As a localization specialist, here's what I would recommend:
If possible, use forms which put the numeral at the end:
a: Number of cars: %d
This means the form of the noun "car" does not depend on the numeral, and 0 is as natural as any other number.
If the above is not acceptable, at least always make a complete sentence a translatable resource. That is, do use
b: You have 1 car.
c: You have %d cars.
But never split such units into smaller fragments such as
d: You have
e: car(s)
(Then somewhere else you have a non-localizable resource such as %s %d %s)
The difference is that while I cannot translate (c) directly, since the form of the noun will change, I can see the problem and I can change the sentence to form (a) in translation.
On the other hand, when I am faced with (d) and (e) fragments, there is no way to make sure the resulting sentence will be grammatical. Again: using fragments guarantees that in some languages the translation will be anything from grammatically awkward to completely broken.
This applies across the board, not just to numerals. For example, a fragment such as %s was deleted is also untranslatable, since the form of the verb will depend on the gender of the noun, which is unavailable here. The best I can do for Polish is the equivalent of Deleted: %s, but I can only do it as long as the %s placeholder is included in the translatable resource. If all I have is "was deleted" with no clue to the referent noun, I can only startle my dog by cursing aloud and in the end I still have to produce garbage grammar.

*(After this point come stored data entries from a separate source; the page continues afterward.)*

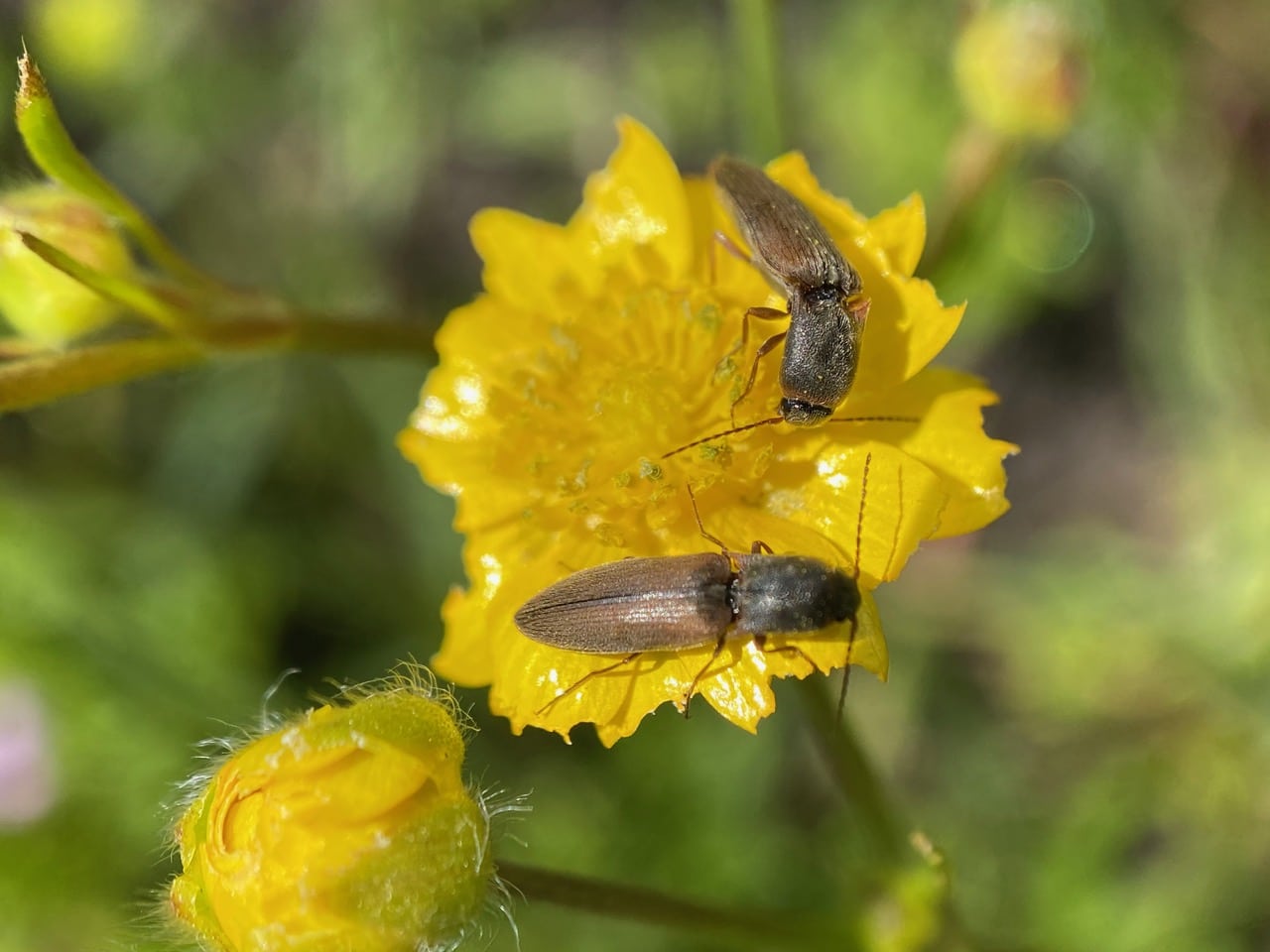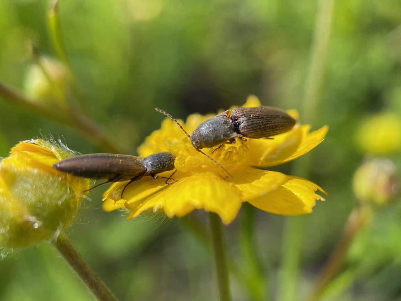 Two Click Beetles meet on a decimated buttercup flower. Are they responsible for chewing the petals into these jagged nubs?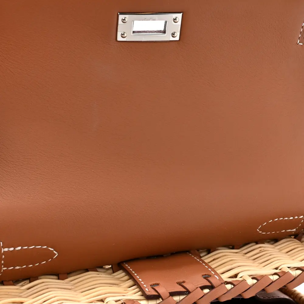 Hermès Picnic Mini Kelly 20 Naturel/Brown Wicker & Swift Leather Palladium Silver Hardware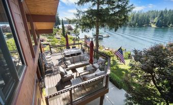 Whether you're gathered around the large dining table for a meal, playing games in one of the cozy living spaces, or stepping outside to enjoy the spacious deck with lounge seating, this home is made for connection. Enjoy morning coffee or evening conversation while watching the fun on the water from the deck, or gather the whole family around the outdoor dining table for a meal al fresco.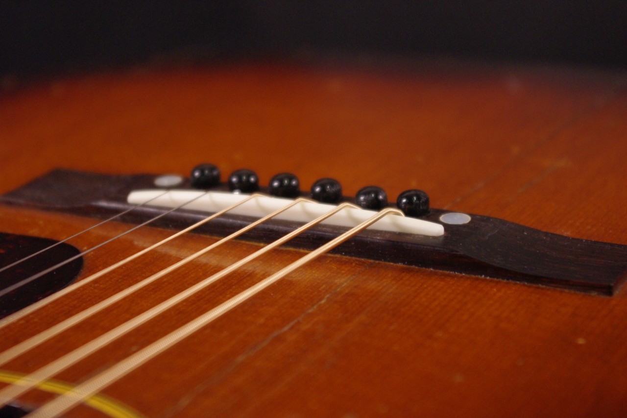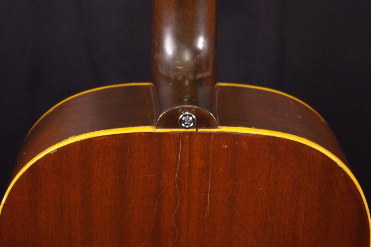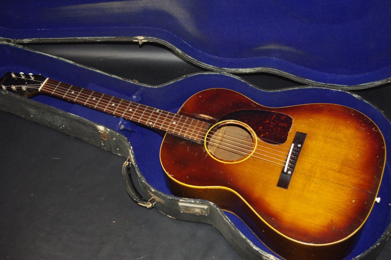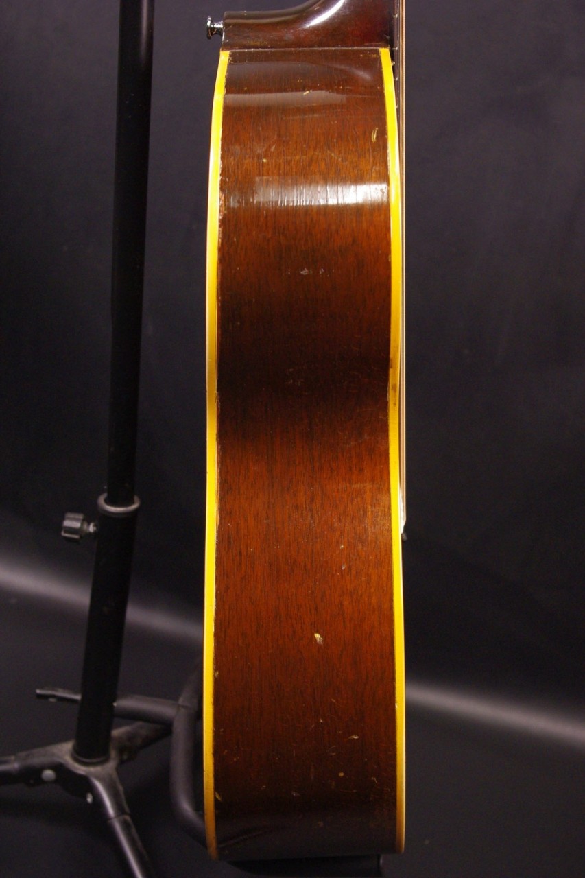 1950年代スモールピックガード期のLG-1が入荷しました!!トップはスプルース、サイドバックにはマホガニー、指板とブリッジにはハカランダを採用、同時期のLG-2と比べるとラダーブレーシングの影響からより明るく軽快なサウンドが特徴です。シリアルナンバーから1954年に生産された個体でボディにクラック補修が多数あります。サウンドホール周囲に弾き傷、全体的に傷も多めにあります。以前にバックを外しブレーシング補修、板を追加して補強されています。ペグは3連タイプに交換されています。ブリッジはオリジナルですが薄く加工されています。ピックガードはオリジナルで残っています。ネックヒールへはストラップピンが打っています。ピックアップの取り付け加工はございません。ナット幅は約42.5mm、60年代と比べるとやや厚みのある握りやすいグリップです。ネックのアングルは適正でトラスロッドの動作に余裕があります。フレットは全体的に低めですが今のところ演奏上支障ございません。弦高は12フレット6弦側で約2.6mm、1弦側で約1.6mmの高さでハイポジションまで押さえやすく調整しています。サドル残もありますので微調整も可能です。沢山弾きこまれていますのでカラッと枯れた味わい深いサウンドで仕上がっています!オーバーサイズのハードケース付き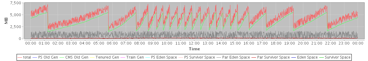 avg(total) = 4517.05 avg(PS Old Gen) = 0.00 avg(CMS Old Gen) = 3573.45 avg(Tenured Gen) = 0.00 avg(Train Gen) = 0.00 avg(PS Eden Space) = 0.00 avg(PS Survivor Space) = 0.00 avg(Par Eden Space) = 813.28 avg(Par Survivor Space) = 130.31 avg(Eden Space) = 0.00 avg(Survivor Space) = 0.00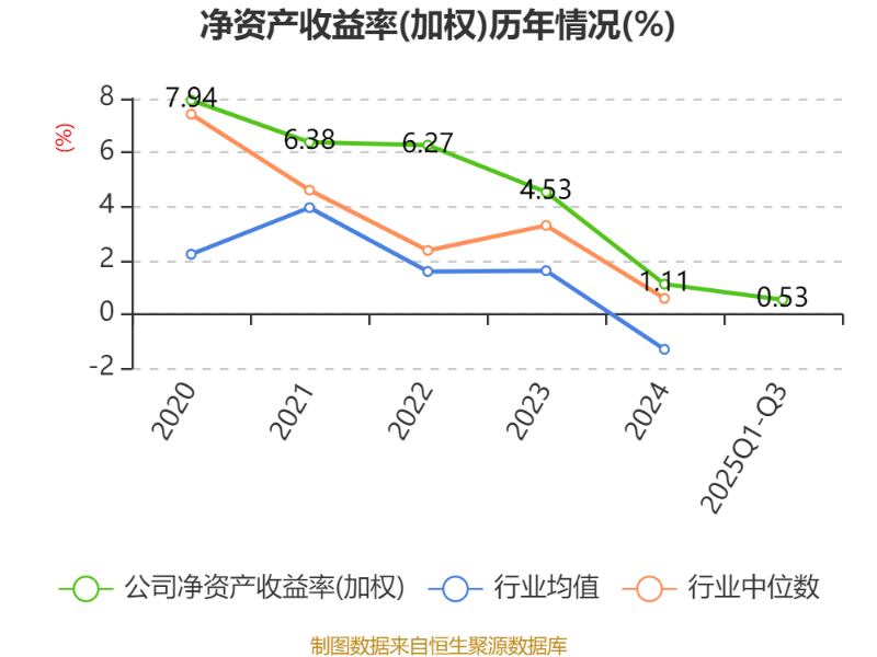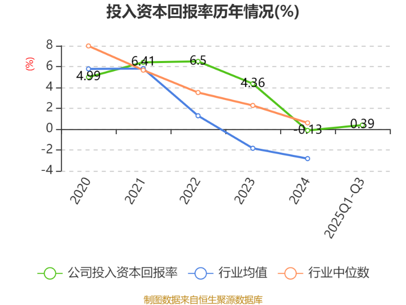 盈利能力方面, 2025年前三季度公司加权平均净资产收益率为0.53%,同比下降0.19个百分点。公司2025年前三季度投入资本回报率为0.39%,较上年同期下降0.04个百分点。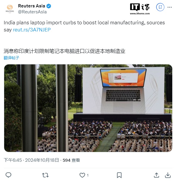 IT之家 10 月 18 日消息,路透社援引政府消息人士的话称,印度计划从明年 1 月起限制笔记本电脑、平板电脑和个人电脑的进口,旨在推动苹果等公司增加印度制造的份额。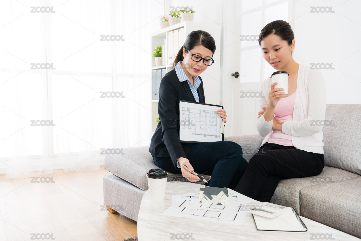 友好的年輕商業(yè)代理小姐與客戶交談,并指向仿真微縮模型房子說明討論建筑設(shè)計施工。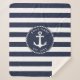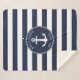 Nautical Navy Blue White Anchor Boat Name Sherpa Blanket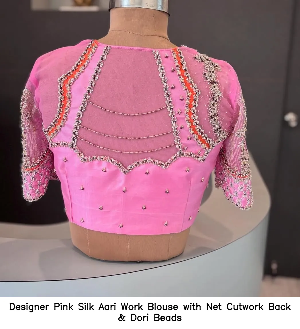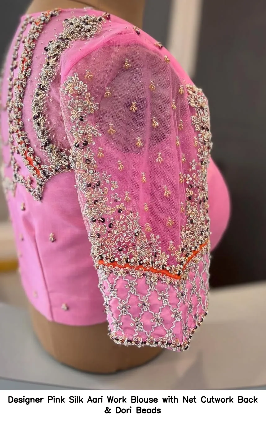 Designer Pink Silk Aari Work Blouse with Net Cutwork Back & Dori Beads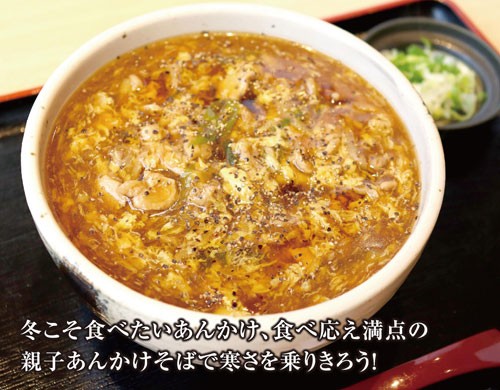 寒い日が続いていましたがついに釧路もまとまった雪が降ってしまい、冬本番となりましたね。そんな季節に食べたくなるのはやはりアツアツのメニューという事で、今回はそば処蒼(あおい)の親子あんかけそばをご紹介。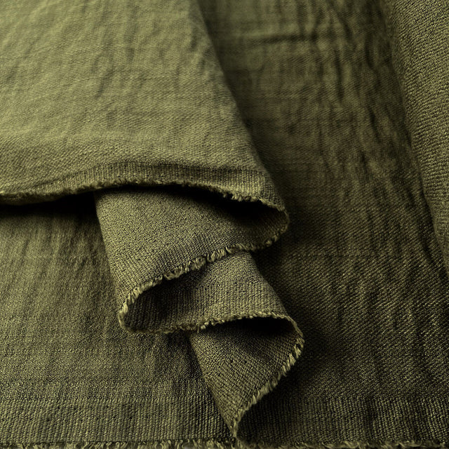 150cm wide, 81% viscose and 19% nylon woven fabric in olive green, with a soft drape, breathable texture and a touch of structure. OEKO-TEX Standard 100 certified. This beautifully balanced fabric combines the natural fluidity of viscose with the strength and shape-retention of nylon – ideal for stylish, wearable garments that move with ease but hold their shape.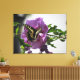 Borboleta de cauda engolida no hibisco rosa floresce. A luz do sol toca pétalas de flores e asas de insetos. O fundo é difuso com sombra preta à esquerda.
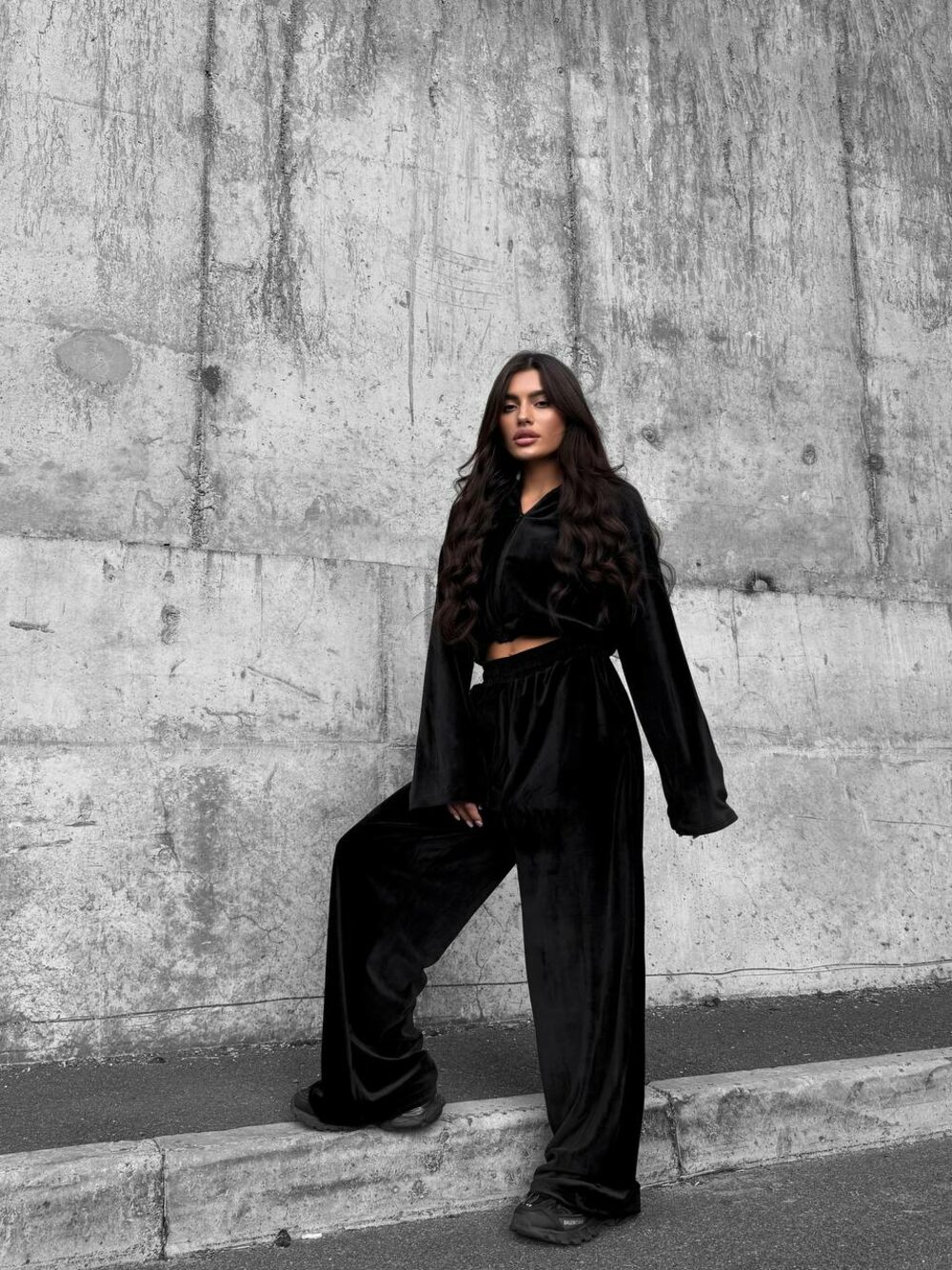 Костюм з велюру найвищої якості. Подвійний каптур, кофта на утяжках - регулюється довжина та ширина. Колір чорний. Довжина брюк - 110 см. Розмір 42-44 Обхват грудей: 82-87 см Обхват талії: 62-67 см Обхват стегон: 90-95 см Розмір 46-48 Обхват грудей: 87-93 см Обхват талії: 67-74 см Обхват стегон: 67-74 см

I've been working on a library to assist with internationalization of an application. It's called SmartFormat and is open-source on GitHub.
It contains "grammatical number" rules for many languages that determine the correct singular/plural form based on the locale. When translating a phrase that has words that depend on a quantity, you specify the multiple forms and the formatter chooses the correct form based on these rules.
For example:
var message = "There {0:is:are} {0} {0:item:items} remaining.";
var output = Smart.Format(culture, message, items.Count);
It has a very similar syntax to String.Format(...), but has tons of great features that make it easy to create natural and grammatically-correct messages.
It also deals with possible gender-specific formatting, lists, and much more.

moodforaday wrote:
This applies across the board, not just to numerals. For example, a fragment such as "%s was deleted" is also untranslatable, since the form of the verb will depend on the gender of the noun, which is unavailable here. The best I can do for Polish is the equivalent of "Deleted: %s", but I can only do it as long as the %s placeholder is included in the translatable resource. If all I have is "was deleted" with no clue to the referent noun, I can only startle my dog by cursing aloud and in the end I still have to produce garbage grammar.
The point I would like to make here, is never include a noun as a parameter. Many European languages modify the noun based on its gender, and in the case of German, whether it is the subject, object, or indirect object. Just use separate messages.
Instead of, "%s was deleted.", use a separate translation string for each type:
"The transaction was deleted."
"The user was deleted." etc.
This way, each string can be translated properly.
The solution to handle plural forms in different languages can be found here:
http://www.gnu.org/software/gettext/manual/html_node/Plural-forms.html
While you can't use the above software in a commercial application (it's covered under GPL), you can use the same concepts. Their plural form expressions fit perfectly with lambda expressions in .NET. There are a limited number of plural form expressions that cover a large number of languages. You can map a particular language to a lambda expression that calculates which plural form to use based on the language. Then, look up the appropriate plural form in a .NET resx file.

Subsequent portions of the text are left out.